Netia and two subsidiaries to file for arrangement proceedings; update on restructuring
WARSAW, Poland - February 19, 2002 - Netia Holdings S.A. (Nasdaq: NTIA, WSE: NET) Poland's largest alternative provider of fixed-line telecommunications services, today announced that applications would be filed in Warsaw on Wednesday, February 20, 2002 for the opening of arrangement proceedings with respect to the Company, Netia Telekom S.A. ("Telekom") and Netia South Sp. z o.o. ("South" and, together with the Company and Telekom, the "Companies"). These filings result from the Companies becoming aware that their liabilities exceed their assets and are being planned in relation to its proposed restructuring. Under Polish law, a company with liabilities in excess of its assets must file for bankruptcy unless arrangement proceedings are opened.
Under a Polish arrangement proceeding a company may continue its day-to-day operations, subject to supervision by a court-appointed supervisor. A company may continue to incur additional debts in the ordinary course of business and to pay debts that accrue pending the arrangement proceedings. Trade creditors without outstanding and unpaid debts at the commencement of the arrangement proceedings and with claims arising afterwards are not affected going forward. Following commencement of the proceedings, the outstanding claims of most of a company's pre-commencement creditors may neither be paid by the company nor enforced by those creditors. These restrictions would not apply to the Companies' operating subsidiaries, which are not filing petitions for the opening of arrangement proceedings.

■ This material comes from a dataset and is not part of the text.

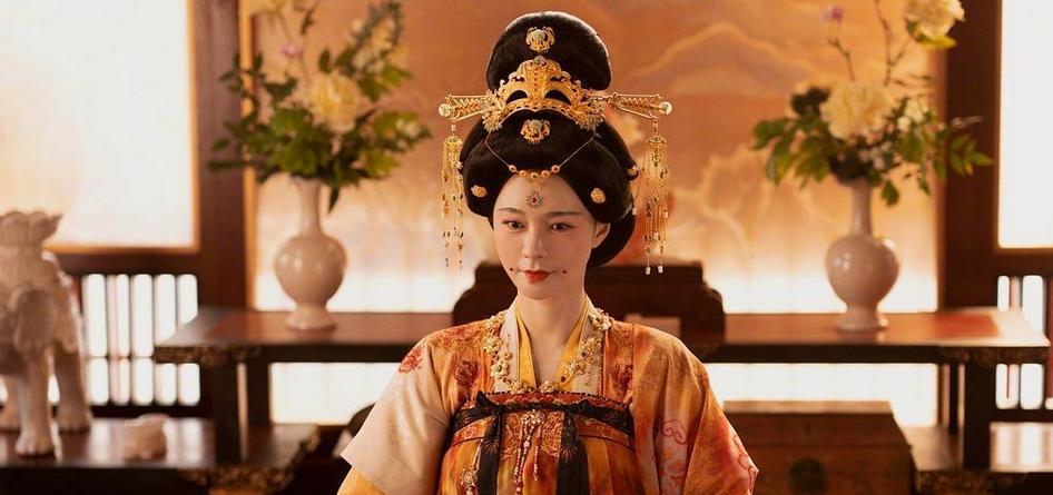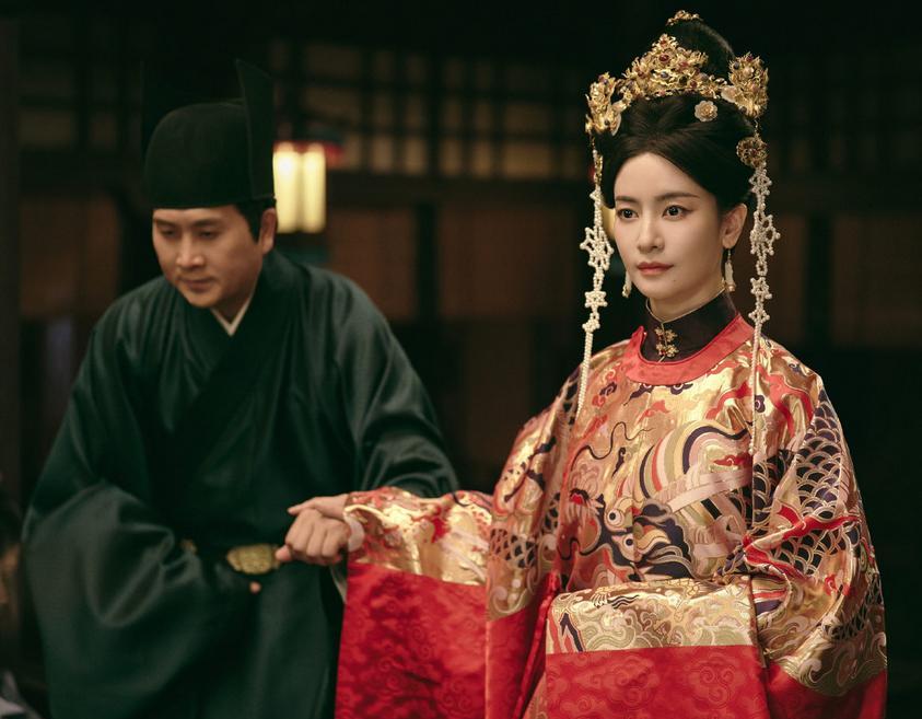 头戴金钗,身着缀金红衣,在一众随从的簇拥下,尽显雍容华贵。

The arrangement proceedings filings are occurring in the context of the Company's ongoing negotiations with a committee of noteholders (the "Committee") holding more than a majority of the Company's high yield debt obligations. The terms of the proposed plans of arrangement were formulated in the context of these negotiations, which include, among other things, an exchange of shares in the Company as partial payment of the debt. Under the terms of the proposed plans of arrangement, the Companies' creditors would have their claims reduced to 10% of their initial value. The claims would be non-interest bearing and would be paid in installments over 10 years. There would be no payments in the first four years, 8.5% of the obligations would be paid in each of years five and six, 17% would be paid in each of years seven and eight and 24.5% would be paid in years nine and ten. As announced yesterday, the negotiations with the Committee led to the proposal of terms from the Committee and a counterproposal from the Company's major shareholders. Each of these proposals would require the Company's debt to be significantly reduced, and the arrangement proceedings are a means of effecting this reduction. Although there can be no assurance that a definitive agreement will be reached, discussions are continuing toward finalizing and agreeing upon terms of the Company's restructuring.

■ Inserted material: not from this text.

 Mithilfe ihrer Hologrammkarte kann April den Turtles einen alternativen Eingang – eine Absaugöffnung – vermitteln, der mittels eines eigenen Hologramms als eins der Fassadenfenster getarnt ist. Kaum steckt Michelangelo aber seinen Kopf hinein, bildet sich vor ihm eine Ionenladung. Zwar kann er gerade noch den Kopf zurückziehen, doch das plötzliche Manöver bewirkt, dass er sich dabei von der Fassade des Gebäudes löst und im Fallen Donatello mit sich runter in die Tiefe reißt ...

Netia is the leading alternative fixed-line telecommunications provider in Poland. Netia provides a broad range of telecommunications services including voice, data and Internet-access and commercial network services. Netia's American Depositary Shares ("ADSs") are listed on the Nasdaq National Market (NTIA), and the Company's ordinary shares are listed on the Warsaw Stock Exchange. Netia owns, operates and continues to build a state-of-the-art fiber-optic network that, as at September 30, 2001, had connected 343,634 active subscriber lines, including 93,713 business lines. Netia currently provides voice telephone services in 24 territories throughout Poland, including in six of Poland's ten largest cities.

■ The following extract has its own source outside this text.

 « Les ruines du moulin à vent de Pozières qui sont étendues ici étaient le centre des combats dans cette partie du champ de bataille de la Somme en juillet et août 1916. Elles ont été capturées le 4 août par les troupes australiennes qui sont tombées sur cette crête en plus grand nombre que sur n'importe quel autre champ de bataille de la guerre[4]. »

Some of the information contained in this news release contains forward-looking statements. Readers are cautioned that any such forward-looking statements are not guarantees of future performance and involve risks and uncertainties, and that actual results may differ materially from those in the forward-looking statements as a result of various factors. For a more detailed description of these risks and factors, please see the Company's filings with the Securities and Exchange Commission, including its Annual Report on Form 20-F filed with the Commission on April 30, 2001, its Current Report on Form 6-K filed with the Commission on May 15, 2001, its Current Report on Form 6-K filed with the Commission on August 7, 2001, its Current Report on Form 6-K filed with the Commission on November 6, 2001, and its Current Report on Form 6-K filed with the Commission on January 18, 2002. The Company undertakes no obligation to publicly update or revise any forward-looking statements.